**Your task**
Please set down exactly the lines of the listing below from the line containing "Pictured is President" through the line containing "groom holding a", both lines included, leaving out all other lines.

*** Input data

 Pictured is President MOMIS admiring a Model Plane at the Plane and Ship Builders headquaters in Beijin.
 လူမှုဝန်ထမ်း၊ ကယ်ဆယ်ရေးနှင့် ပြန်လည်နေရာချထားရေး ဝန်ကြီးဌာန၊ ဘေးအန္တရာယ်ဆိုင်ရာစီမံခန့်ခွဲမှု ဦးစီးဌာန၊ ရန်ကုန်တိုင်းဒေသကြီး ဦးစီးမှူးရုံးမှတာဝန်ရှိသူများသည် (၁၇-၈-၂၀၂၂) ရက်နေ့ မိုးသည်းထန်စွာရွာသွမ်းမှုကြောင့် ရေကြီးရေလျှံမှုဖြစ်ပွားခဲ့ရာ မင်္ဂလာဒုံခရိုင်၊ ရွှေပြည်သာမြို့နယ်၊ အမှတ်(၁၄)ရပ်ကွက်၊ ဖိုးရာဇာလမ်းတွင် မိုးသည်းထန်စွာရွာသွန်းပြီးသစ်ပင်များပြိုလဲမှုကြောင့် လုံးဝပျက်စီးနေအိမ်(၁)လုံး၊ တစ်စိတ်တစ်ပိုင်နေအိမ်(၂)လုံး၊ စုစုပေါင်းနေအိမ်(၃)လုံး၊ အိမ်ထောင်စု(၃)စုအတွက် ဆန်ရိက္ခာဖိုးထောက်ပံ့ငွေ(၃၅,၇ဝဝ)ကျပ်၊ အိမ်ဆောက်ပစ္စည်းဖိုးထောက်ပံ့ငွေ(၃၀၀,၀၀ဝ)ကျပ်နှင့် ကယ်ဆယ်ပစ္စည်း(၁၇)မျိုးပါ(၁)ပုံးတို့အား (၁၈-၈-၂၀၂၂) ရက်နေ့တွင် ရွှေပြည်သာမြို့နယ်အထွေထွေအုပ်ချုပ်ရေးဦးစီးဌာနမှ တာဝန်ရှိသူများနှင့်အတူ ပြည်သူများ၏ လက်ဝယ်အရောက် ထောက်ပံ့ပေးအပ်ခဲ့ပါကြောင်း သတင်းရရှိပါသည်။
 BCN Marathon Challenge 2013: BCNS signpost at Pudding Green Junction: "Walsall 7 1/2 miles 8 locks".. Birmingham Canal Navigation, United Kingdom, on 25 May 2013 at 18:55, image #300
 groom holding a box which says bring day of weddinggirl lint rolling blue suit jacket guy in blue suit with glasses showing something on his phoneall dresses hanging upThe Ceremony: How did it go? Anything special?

******
*** Input data

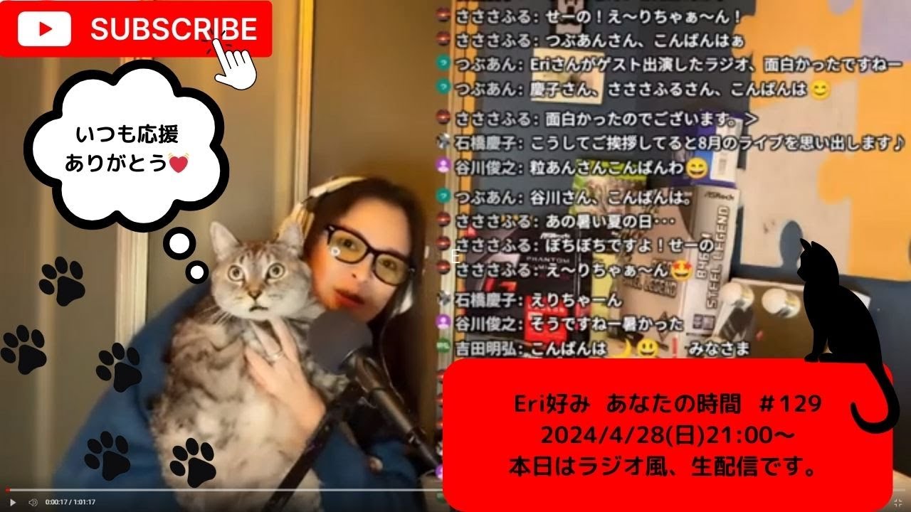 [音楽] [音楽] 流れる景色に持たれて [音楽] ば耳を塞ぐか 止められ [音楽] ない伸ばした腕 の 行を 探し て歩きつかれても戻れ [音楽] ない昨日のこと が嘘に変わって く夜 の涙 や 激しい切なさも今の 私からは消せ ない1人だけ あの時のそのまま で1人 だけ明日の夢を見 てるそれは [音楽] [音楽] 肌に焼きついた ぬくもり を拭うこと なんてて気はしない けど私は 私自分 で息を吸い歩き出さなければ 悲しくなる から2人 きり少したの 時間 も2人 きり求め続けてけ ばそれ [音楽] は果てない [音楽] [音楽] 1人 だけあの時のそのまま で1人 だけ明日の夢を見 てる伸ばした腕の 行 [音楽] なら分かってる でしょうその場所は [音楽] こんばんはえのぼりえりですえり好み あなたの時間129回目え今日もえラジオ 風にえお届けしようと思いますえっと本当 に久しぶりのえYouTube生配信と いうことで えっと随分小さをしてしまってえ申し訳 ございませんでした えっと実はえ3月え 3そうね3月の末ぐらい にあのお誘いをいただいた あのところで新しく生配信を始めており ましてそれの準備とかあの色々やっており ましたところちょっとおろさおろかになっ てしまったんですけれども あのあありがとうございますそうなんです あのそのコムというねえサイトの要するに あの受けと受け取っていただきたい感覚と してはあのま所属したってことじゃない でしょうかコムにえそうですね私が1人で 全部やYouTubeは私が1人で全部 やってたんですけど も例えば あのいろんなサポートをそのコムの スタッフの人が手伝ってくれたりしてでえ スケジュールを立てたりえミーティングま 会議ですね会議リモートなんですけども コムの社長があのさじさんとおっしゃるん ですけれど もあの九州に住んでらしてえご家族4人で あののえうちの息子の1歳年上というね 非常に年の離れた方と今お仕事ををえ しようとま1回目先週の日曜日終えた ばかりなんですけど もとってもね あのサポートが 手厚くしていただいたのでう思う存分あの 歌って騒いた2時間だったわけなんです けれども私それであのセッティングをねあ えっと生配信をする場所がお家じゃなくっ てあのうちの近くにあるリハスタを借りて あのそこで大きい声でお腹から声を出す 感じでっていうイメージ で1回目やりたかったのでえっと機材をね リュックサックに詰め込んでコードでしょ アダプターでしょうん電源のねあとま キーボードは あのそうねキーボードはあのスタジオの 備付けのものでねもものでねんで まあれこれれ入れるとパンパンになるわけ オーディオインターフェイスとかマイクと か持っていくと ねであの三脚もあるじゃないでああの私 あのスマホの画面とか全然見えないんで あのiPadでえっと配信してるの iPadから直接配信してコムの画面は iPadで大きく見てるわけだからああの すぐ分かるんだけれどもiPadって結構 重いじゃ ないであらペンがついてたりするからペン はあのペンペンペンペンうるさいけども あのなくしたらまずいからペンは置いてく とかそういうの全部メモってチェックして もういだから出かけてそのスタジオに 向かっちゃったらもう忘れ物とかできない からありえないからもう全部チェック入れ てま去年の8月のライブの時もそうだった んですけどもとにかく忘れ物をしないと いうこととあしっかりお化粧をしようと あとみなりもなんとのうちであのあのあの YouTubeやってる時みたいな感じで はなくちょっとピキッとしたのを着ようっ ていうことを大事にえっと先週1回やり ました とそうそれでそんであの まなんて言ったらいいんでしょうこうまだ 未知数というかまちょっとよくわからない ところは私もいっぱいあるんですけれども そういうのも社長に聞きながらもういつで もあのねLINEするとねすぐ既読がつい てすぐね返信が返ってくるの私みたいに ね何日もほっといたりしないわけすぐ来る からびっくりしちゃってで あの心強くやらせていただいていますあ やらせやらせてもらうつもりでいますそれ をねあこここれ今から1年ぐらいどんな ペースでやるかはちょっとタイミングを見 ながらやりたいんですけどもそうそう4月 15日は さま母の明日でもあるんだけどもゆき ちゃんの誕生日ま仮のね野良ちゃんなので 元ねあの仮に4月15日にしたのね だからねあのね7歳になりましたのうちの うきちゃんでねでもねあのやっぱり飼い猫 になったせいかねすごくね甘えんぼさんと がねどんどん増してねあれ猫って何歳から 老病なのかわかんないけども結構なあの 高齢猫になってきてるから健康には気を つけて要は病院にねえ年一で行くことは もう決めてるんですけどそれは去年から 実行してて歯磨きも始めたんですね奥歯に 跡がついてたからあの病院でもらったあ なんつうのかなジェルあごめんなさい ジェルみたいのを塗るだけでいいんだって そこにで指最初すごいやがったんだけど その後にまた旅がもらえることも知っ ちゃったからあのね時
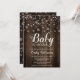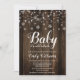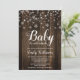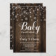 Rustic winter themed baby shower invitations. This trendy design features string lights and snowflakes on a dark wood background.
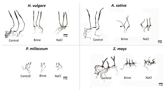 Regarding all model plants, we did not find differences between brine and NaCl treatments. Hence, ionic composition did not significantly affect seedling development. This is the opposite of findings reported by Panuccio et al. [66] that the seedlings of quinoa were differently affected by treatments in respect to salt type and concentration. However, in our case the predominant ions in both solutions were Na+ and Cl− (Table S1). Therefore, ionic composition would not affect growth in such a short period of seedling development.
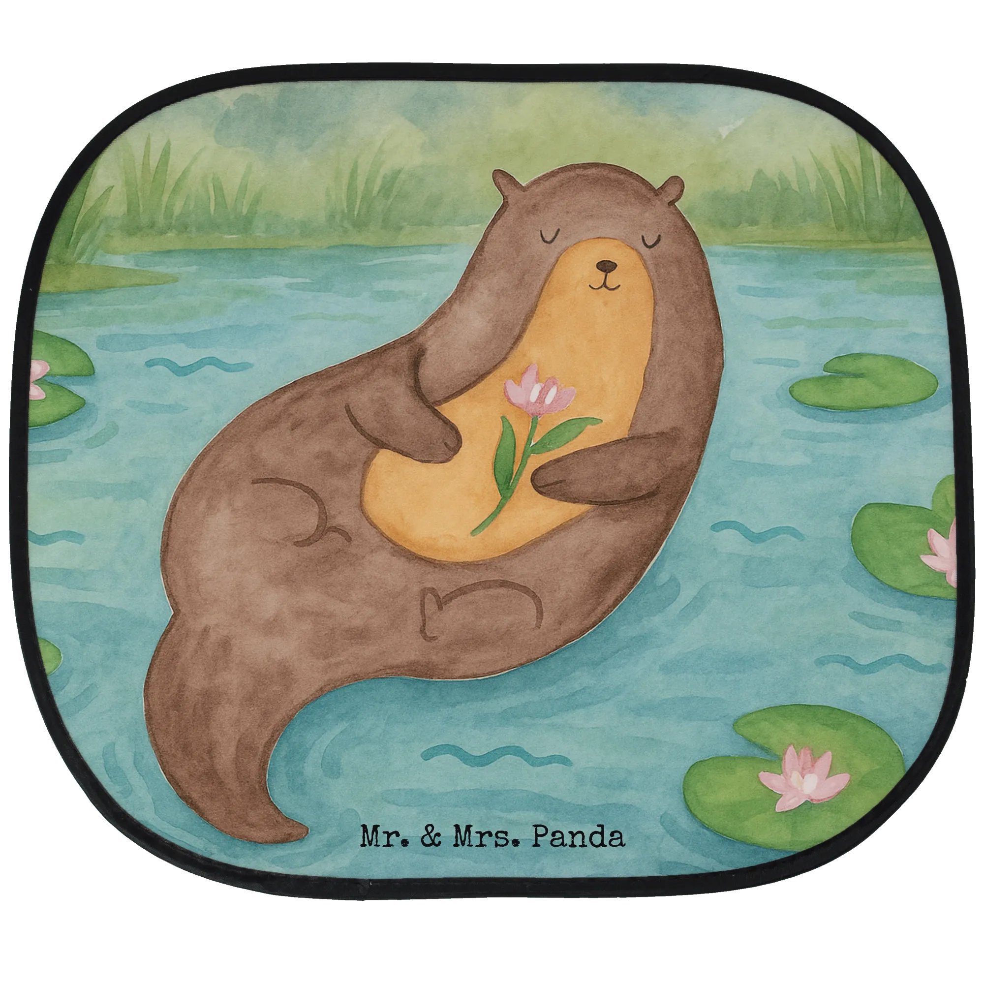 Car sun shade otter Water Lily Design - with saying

******

**Reply to the exercise**
 Pictured is President MOMIS admiring a Model Plane at the Plane and Ship Builders headquaters in Beijin.
 လူမှုဝန်ထမ်း၊ ကယ်ဆယ်ရေးနှင့် ပြန်လည်နေရာချထားရေး ဝန်ကြီးဌာန၊ ဘေးအန္တရာယ်ဆိုင်ရာစီမံခန့်ခွဲမှု ဦးစီးဌာန၊ ရန်ကုန်တိုင်းဒေသကြီး ဦးစီးမှူးရုံးမှတာဝန်ရှိသူများသည် (၁၇-၈-၂၀၂၂) ရက်နေ့ မိုးသည်းထန်စွာရွာသွမ်းမှုကြောင့် ရေကြီးရေလျှံမှုဖြစ်ပွားခဲ့ရာ မင်္ဂလာဒုံခရိုင်၊ ရွှေပြည်သာမြို့နယ်၊ အမှတ်(၁၄)ရပ်ကွက်၊ ဖိုးရာဇာလမ်းတွင် မိုးသည်းထန်စွာရွာသွန်းပြီးသစ်ပင်များပြိုလဲမှုကြောင့် လုံးဝပျက်စီးနေအိမ်(၁)လုံး၊ တစ်စိတ်တစ်ပိုင်နေအိမ်(၂)လုံး၊ စုစုပေါင်းနေအိမ်(၃)လုံး၊ အိမ်ထောင်စု(၃)စုအတွက် ဆန်ရိက္ခာဖိုးထောက်ပံ့ငွေ(၃၅,၇ဝဝ)ကျပ်၊ အိမ်ဆောက်ပစ္စည်းဖိုးထောက်ပံ့ငွေ(၃၀၀,၀၀ဝ)ကျပ်နှင့် ကယ်ဆယ်ပစ္စည်း(၁၇)မျိုးပါ(၁)ပုံးတို့အား (၁၈-၈-၂၀၂၂) ရက်နေ့တွင် ရွှေပြည်သာမြို့နယ်အထွေထွေအုပ်ချုပ်ရေးဦးစီးဌာနမှ တာဝန်ရှိသူများနှင့်အတူ ပြည်သူများ၏ လက်ဝယ်အရောက် ထောက်ပံ့ပေးအပ်ခဲ့ပါကြောင်း သတင်းရရှိပါသည်။
 BCN Marathon Challenge 2013: BCNS signpost at Pudding Green Junction: "Walsall 7 1/2 miles 8 locks".. Birmingham Canal Navigation, United Kingdom, on 25 May 2013 at 18:55, image #300
 groom holding a box which says bring day of weddinggirl lint rolling blue suit jacket guy in blue suit with glasses showing something on his phoneall dresses hanging upThe Ceremony: How did it go? Anything special?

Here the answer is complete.